Shekaran Asha, Shoemaker James T, Kavanaugh Taylor E, Lin Angela S, LaPlaca Michelle C, Fan Yuhong, Guldberg Robert E, García Andrés J
Department of Biomedical Engineering, Georgia Institute of Technology and Emory University, 313 Ferst Drive, Atlanta, GA 30332, USA; Petit Institute for Bioengineering and Bioscience, Georgia Institute of Technology, 315 Ferst Drive, Atlanta, GA 30332, USA.
Department of Biomedical Engineering, Georgia Institute of Technology and Emory University, 313 Ferst Drive, Atlanta, GA 30332, USA.
Bone. 2014 Nov;68:131-41. doi: 10.1016/j.bone.2014.08.008. Epub 2014 Aug 27.

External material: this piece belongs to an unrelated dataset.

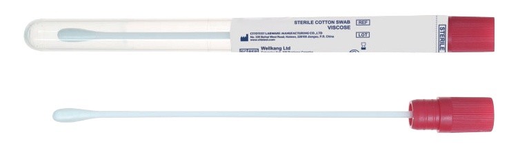 ML2120-0016MICROBIOLOGICAL SPECIMEN COLLECTING AND TRANSPORTING SET, CONSISTS OF 1 RED CAP, 1 SWAB(VISCOSE HEAD+PS STICK) 150MM LONG AND 1 LABELLED Φ13X150MM PP TUBE. GAMMA STERILE100pcs/polybag,1000pcs/carton

Skeletal development and growth are complex processes regulated by multiple microenvironmental cues, including integrin-ECM interactions. The β1 sub-family of integrins is the largest integrin sub-family and constitutes the main integrin binding partners of collagen I, the major ECM component of bone. As complete β1 integrin knockout results in embryonic lethality, studies of β1 integrin function in vivo rely on tissue-specific gene deletions. While multiple in vitro studies indicate that β1 integrins are crucial regulators of osteogenesis and mineralization, in vivo osteoblast-specific perturbations of β1 integrins have resulted in mild and sometimes contradictory skeletal phenotypes. To further investigate the role of β1 integrins on skeletal phenotype, we used the Twist2-Cre, Osterix-Cre and osteocalcin-Cre lines to generate conditional β1 integrin deletions, where Cre is expressed primarily in mesenchymal condensation, pre-osteoblast, and mature osteoblast lineage cells respectively within these lines. Mice with Twist2-specific β1 integrin disruption were smaller, had impaired skeletal development, especially in the craniofacial and vertebral tissues at E19.5, and did not survive beyond birth. Osterix-specific β1 integrin deficiency resulted in viable mice which were normal at birth but displayed early defects in calvarial ossification, incisor eruption and growth as well as femoral bone mineral density, structure, and mechanical properties. Although these defects persisted into adulthood, they became milder with age. Finally, a lack of β1 integrins in mature osteoblasts and osteocytes resulted in minor alterations to femur structure but had no effect on mineral density, biomechanics or fracture healing. Taken together, our data indicate that β1 integrin expression in early mesenchymal condensations play an important role in skeletal ossification, while β1 integrin-ECM interactions in pre-osteoblast, odontoblast- and hypertrophic chondryocyte-lineage cells regulate incisor eruption and perinatal bone formation in both intramembranously and endochondrally formed bones in young, rapidly growing mice. In contrast, the osteocalcin-specific β1 integrin deletion had only minor effects on skeletal phenotype.
骨骼发育和生长是由多种微环境信号调控的复杂过程,包括整合素与细胞外基质(ECM)的相互作用。整合素的β1亚家族是最大的整合素亚家族,并且是骨的主要细胞外基质成分——I型胶原蛋白的主要整合素结合伴侣。由于完全敲除β1整合素会导致胚胎致死,因此对β1整合素体内功能的研究依赖于组织特异性基因缺失。虽然多项体外研究表明β1整合素是成骨和矿化的关键调节因子,但β1整合素在体内成骨细胞中的特异性扰动却导致了轻微的、有时甚至相互矛盾的骨骼表型。为了进一步研究β1整合素对骨骼表型的作用,我们使用Twist2-Cre、Osterix-Cre和骨钙素-Cre品系来产生条件性β1整合素缺失,其中Cre分别在这些品系的间充质凝聚、前成骨细胞和成熟成骨细胞谱系细胞中主要表达。Twist2特异性β1整合素缺失的小鼠体型较小,骨骼发育受损,尤其是在E19.5时的颅面和椎骨组织,并且出生后无法存活。Osterix特异性β1整合素缺乏导致存活的小鼠出生时正常,但在颅盖骨化、门齿萌出和生长以及股骨骨矿物质密度、结构和力学性能方面表现出早期缺陷。虽然这些缺陷持续到成年期,但随着年龄增长会变得更轻微。最后,成熟成骨细胞和骨细胞中缺乏β1整合素导致股骨结构有轻微改变,但对矿物质密度、生物力学或骨折愈合没有影响。综上所述,我们的数据表明,早期间充质凝聚中的β1整合素表达在骨骼骨化中起重要作用,而前成骨细胞、成牙本质细胞和肥大软骨细胞谱系细胞中的β1整合素-ECM相互作用调节幼龄、快速生长小鼠膜内和成软骨形成的骨骼中的门齿萌出和围产期骨形成。相比之下,骨钙素特异性β1整合素缺失对骨骼表型只有轻微影响。